Abstract
Limb salvage in tumor surgery has encouraged the development of megaprostheses. However, reattaching the ligamentum patellae poses a particular problem: avulsion and/or extensor lag may lead to poor function. We describe a new technique of patellar ligament reconstruction. The technique involves reattachment of the patellar ligament to the tibial tuberosity of the proximal tibial megaprosthesis, which has a porous surface created, and the repair is protected with a cerclage wire through the patella and the prosthesis. In 10 consecutive patients, the range of motion averaged 95° (median, 90°; range, 70°–120°), and the mean extension lag averaged 4° (median, 0°; range, 0°–20°). We had one case of patellar ligament avulsion. This technique resulted in good quadriceps function and a low incidence of complications.

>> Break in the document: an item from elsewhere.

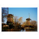 Ouderwetse molens in het Hollandse landschap dat energie uit de wind haalt en een oude cultuur laat zien van Nederland. Aan de waterkant een traditie die Europees nostalgisch gevoel geeft van oude bouwwerken.

Level of Evidence: Level IV, therapeutic study. See the Guidelines for Authors for a complete description of levels of evidence.
Introduction
Resection of musculoskeletal tumors may result in a considerable bony defect. Limb salvage has become standard practice along with the development of megaprostheses. Megaprostheses typically involve the joint, with reconstruction around the knee most common [3]. The functional status after megaprosthetic reconstruction around the knee is strongly dependent on the competence of the extensor mechanism [5, 16]. Kendall et al. [16] reported functional deficits were mainly the result of a compromised extensor mechanism. Avulsion of the patellar ligament is one mechanism of compromising the extensor mechanism, with a reported incidence of 10.5% to 100% [1, 13]. In the absence of patellar ligament avulsion, attenuation may occur without complete avulsion. Attenuation will result in an extension lag while retaining some extension. In a study of 11 proximal tibial reconstructions, Abboud et al. [1] reported a mean extension lag of 7.5°. In contrast, Jaureguito et al. [15] reported seven patients using a medial gastrocnemius flap to replace the patellar ligament, resulting in an extension lag of 24° to 53°. Reconstruction of the patellar ligament therefore is an important consideration after resection of the proximal tibia. Few studies describe function after a proximal tibial megaprosthesis [8, 10, 19], and only one has reported functional scores [19].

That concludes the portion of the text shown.